Этот дом всегда был полон звуков, но в нём жили лишь трое – мачеха, отчим и Лия, существовавшие рядом, но не вместе, связанные только необходимостью делить одну крышу. Они не стали ей семьёй, не дали ей ни тепла, ни ощущения принадлежности. Их присутствие ощущалось в каждом предмете, в каждом взгляде, в каждом невыраженном чувстве, которое следовало угадывать, чтобы не попасть под раздражённый окрик или молчаливое неодобрение.
В этом доме все были сами по себе, каждый живя своей жизнью, но при этом вынужденно вовлечённые в повседневную рутину, где никто не заботился о чужих желаниях или нуждах. Их присутствие ощущалось в каждом предмете, в каждом взгляде, в каждом невыраженном чувстве, которое следовало угадывать, чтобы не попасть под раздражённый окрик или молчаливое неодобрение. Они жили вместе, но каждый сам по себе, связанных лишь обязанностями и необходимостью сосуществовать под одной крышей.
Отчим – крупный, грузный, с вечным запахом перегара, от которого становилось дурно. Лия помнила его небритое лицо, синие от алкоголя губы, тяжёлую походку. У него всегда было два состояния: полное безразличие или раздражённая грубость. Он не разговаривал с ней, а только бросал короткие, отрывистые фразы, с которыми невозможно было спорить.
– Вон с глаз, – говорил он, когда она попадалась ему под руку.
– Ещё не всё убрано, – бросал, не глядя, когда заходил в кухню и видел, что она присела на табуретку на минуту.
Иногда он мог пройти мимо, не заметив её, иногда – задержать взгляд, скривив губы, будто хотел сказать что—то, но передумывал. И тогда Лия знала: лучше уйти, лучше не давать ему повода.
Мачеха – сухая, как выцветшая старая трава, вечно недовольная, с поджатыми губами, от которых не ждали ни улыбки, ни сочувствия. Её движения всегда были быстрыми, точными, резкими, словно она боялась, что если остановится хоть на минуту, всё вокруг посыплется прахом. Лия никогда не видела, чтобы та сидела просто так. Даже если на секунду присаживалась на край стула, руки её не останавливались: тёрли подол фартука, разглаживали складки на одежде, перебирали спички в коробке, проверяя, не отсырели ли.
– Не стой столбом, – говорила она, даже если Лия просто проходила мимо.

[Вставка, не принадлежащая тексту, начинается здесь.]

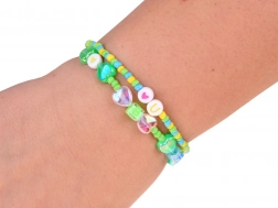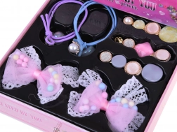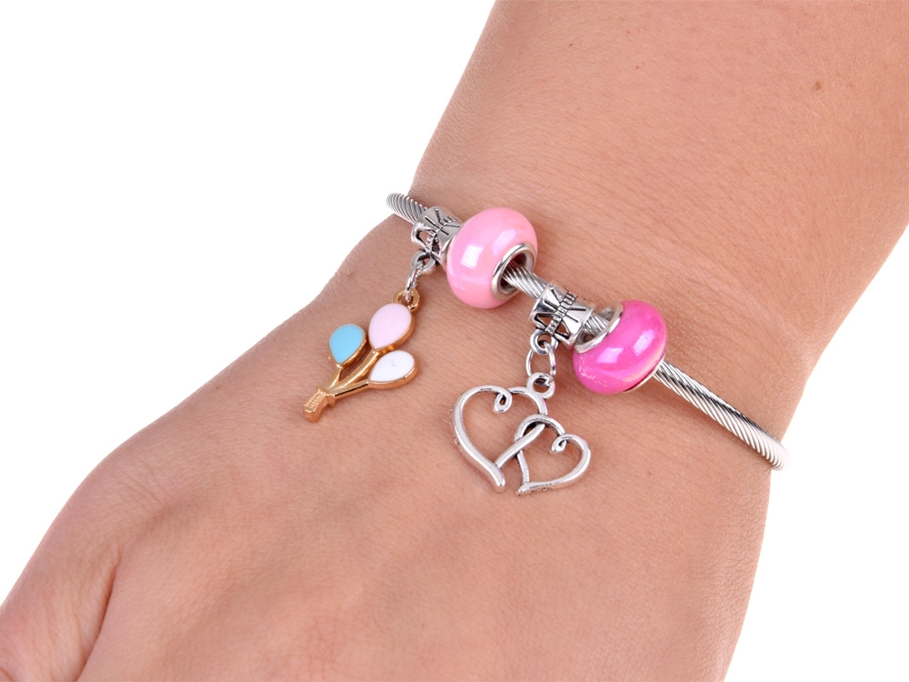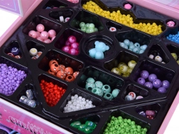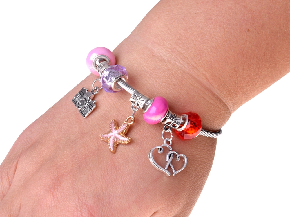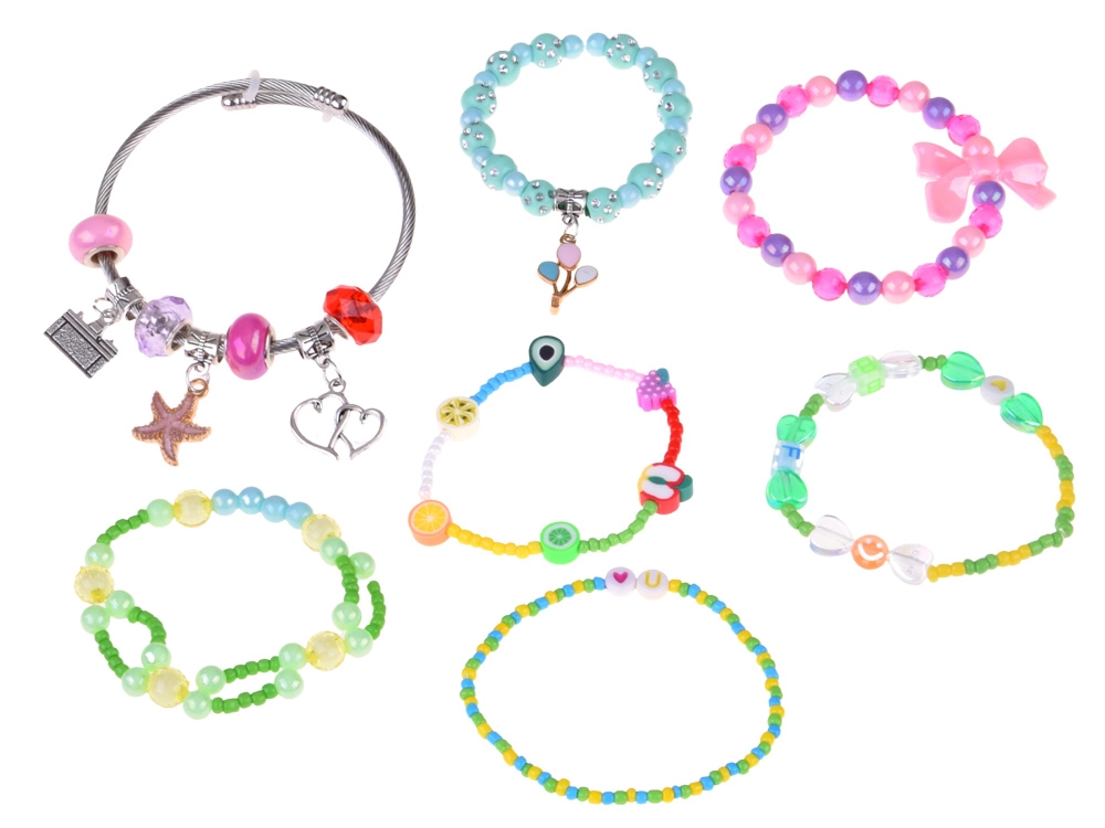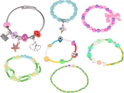 - Kompletní příslušenství: korálky, přívěsky, kovový náramek, řetízek, náušnice-klipsy, 2 prstýnky, elastická šňůrka, pinzeta, gumičky, sponky, mašličky

– Чего ждёшь? Сама не видишь, что надо сделать? – это звучало почти каждый день.
Этот дом не был местом для детства, здесь не знали игр и беззаботного смеха. Здесь каждый час был заполнен делами, и жизнь представляла собой бесконечный круг забот, в котором не оставалось времени на мечты или собственные желания. Жизнь – это работа, а не твои глупости, – бросала мачеха, когда замечала, что Лия задержалась в углу, глядя в окно, будто там можно было найти что—то, кроме серых домов, кривых заборов и грязных дорог.
Почти взрослая девочка была для неё чем—то вроде обязанности, необходимой, но не вызывающей ни привязанности, ни желания заботиться. Просто ещё один человек в доме, которому нужно давать задания, следить, чтобы выполнял, и не тратить на него лишних слов.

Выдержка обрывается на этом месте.